BruceZ
07-12-2003, 06:34 PM
A couple of months ago, someone asked for the probability of getting 3 AA in a row in 250 hands. This gave rise to the more general question which was phrased as:
Do you have the formula for "at least 1 streak of at least m occurences in n trials"? I don't. Show us yours.
This is an important problem in the theory of runs. At the time, I had given a number of approximations which were very close to the exact answer. Last year, I discovered an exact solution to the particular problem for m=2 and probability of success = ½ in terms of the Fibonacci series. Since that time I have had a project on the back burner to extend this exact solution to the general question asked above. I have now completed this project, and I have not one but two different exact closed form solutions to this problem, and I have verified unequivocally that they are both correct. Although accurate approximate solutions can be found by elementary methods, the exact solution is of a very different nature than one may initially expect, and the solution is quite elegant and beautiful. Hence I am now prepared to “show you mine” as requested.
To restate the problem, we want the probability P(m,n,p) of at least 1 occurrence of a run of of length at least m of an event with probability p in n trials. For the question of 3 AA in a row in 250 hands, m = 3, n=250, p=1/221. For a coin flip problem, p=1/2.
Exact closed form solution 1
The probability P(m,n,p) of at least 1 occurrence of a run of length at least m of an event with probability p in n trials is given exactly by:
P(m,n,p) = Sum{k = 1 to n} F[k]
Where F[k] is given by the recurrence relation:
F[k] = F[k-1] - (1/p - 1)*F[k-m-1]*p^(m+1) for k > m+1
And the initial conditions:
F[k] = 0 for k< m
F[m] = p^m
F[m+1] = (1-p)*p^m
The F[k] can easily be computed and summed in Excel. For the 3 AA problem simply set:
A1 = 0
A2 = 0
A3 = 1/221^3
A4 = (220/221)*(1/221)^3
A5 = A4-220*A1/221^4
.
.
.
Copy the last formula down to cell A250. Then compute =sum(a1:a250) for the exact probability. An Excel spreadsheet is available upon request.
For m=2 and p=1/2, this reduces to
P(2,n,1/2) = sum{k = 2 to n} F[k-1]/2^k
Where F[k] is the Fibonacci series as derived previously, and this simplifies too:
P(2,n,1/2) = 1 - F[n+2]/2^n
Subsequent to this derivation, I have found a relatively recent reference to the Fibonacci series solution for this special case in the literature; however, I have not found the closed form exact solution to the more general problem which I have given above . There is a slight chance that I am the only one in possession of it.

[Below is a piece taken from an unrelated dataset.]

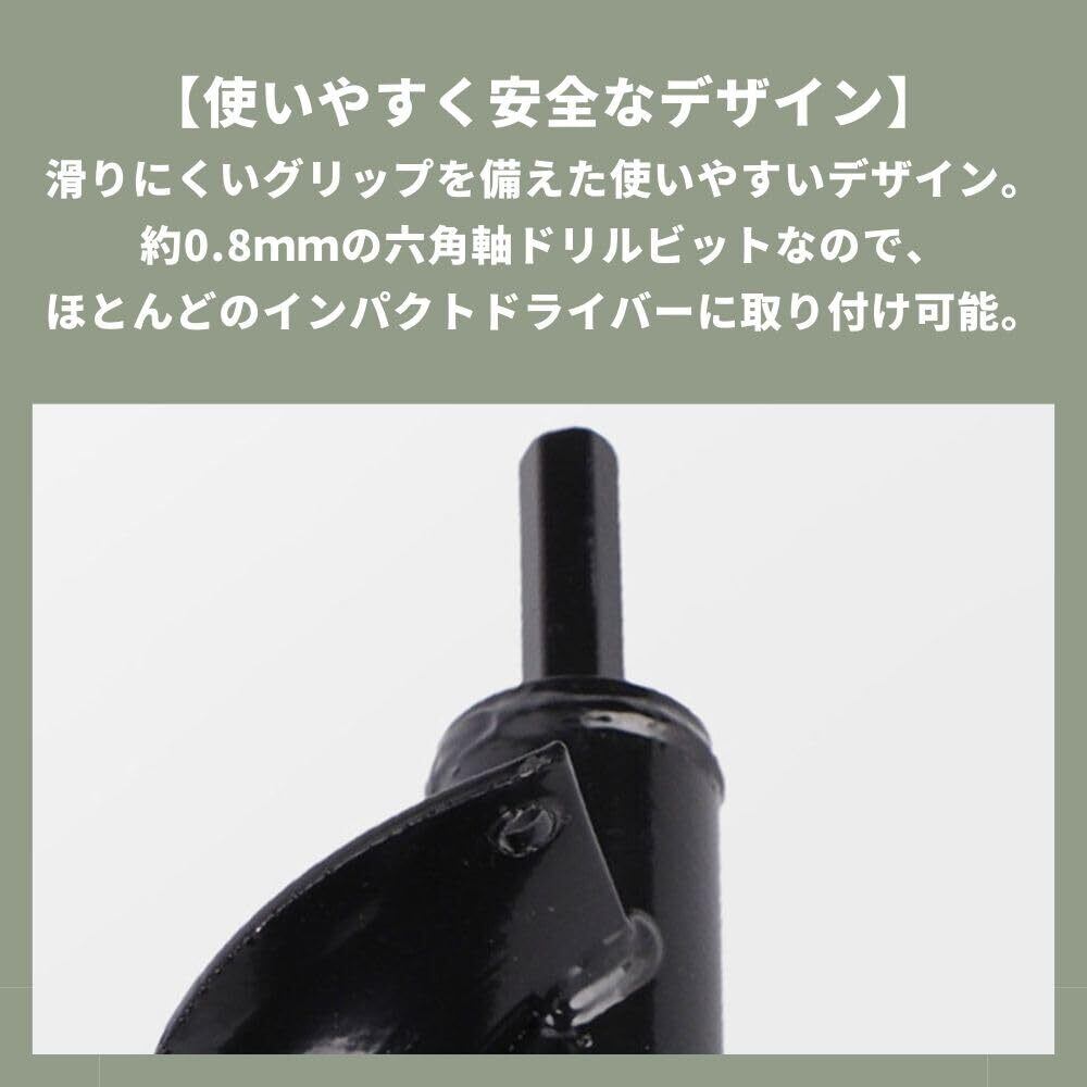 【使いやすく安全なデザイン】アースドリルは使いやすいデザインで、滑りにくいグリップを備えています。約0.8mmの標準サイズの六角軸ドリルビットですので、お手持ちのインパクトドライバーや電気ドリルなどに取り付け可能。

Exact closed form solution 2
The probability P(m,n,p) of at least 1 occurrence of a run of length at least m of an event with probability p in n trials is given exactly by:
P(m,n,p) = v[m+1]
Where v is an m+1 dimensional vector given by the m+1 x m+1 matrix product:
<pre><font class="small">code:</font><hr>
[ 1-p 1-p 1-p . 1-p 0 ] ^n [ 1 ]
v = | p 0 0 . 0 0 | | 0 |
| 0 p 0 . 0 0 | * | 0 |
| 0 0 p . 0 0 | | 0 |
| … . … | | … |
[ 0 0 0 . p 1 ] [ 0 ]</pre><hr>
The matrix represents the transition probabilities between m+1 states. The states are 0 in a row, 1 in a row…up to m in a row having been obtained. The columns of the matrix represent the current state, and the rows represent the next state. This is called a Markov chain. Such a solution was once presented by irchans for a similar problem.
Matrix multiplication can be carried out in Excel using MMULT to produce all of the n vectors. You have to use a ctl-shift-enter sequence to define the size of the vector as explained in the help to MMULT. An example spreadsheet is available upon request.

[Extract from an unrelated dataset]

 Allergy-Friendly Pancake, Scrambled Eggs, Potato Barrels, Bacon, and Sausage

Derivation of exact solution 1
I give here a concise derivation of the most general form of the equation, but it is not especially easy to understand the derivation in this general form. It is easiest to refer to the derivation for the special case of m=2, p=1/2, and then insert those constants into the derivation below. It may be helpful to refer to the intial thread where the Fibonacci solution was derived for the case of m=2 and p=1/2 Fibonacci solution for coin tossing (http://www.twoplustwo.com/forums/showthreaded.php?Cat=&Board=probability&Number=358 0&page=&view=&sb=&o=&vc=1)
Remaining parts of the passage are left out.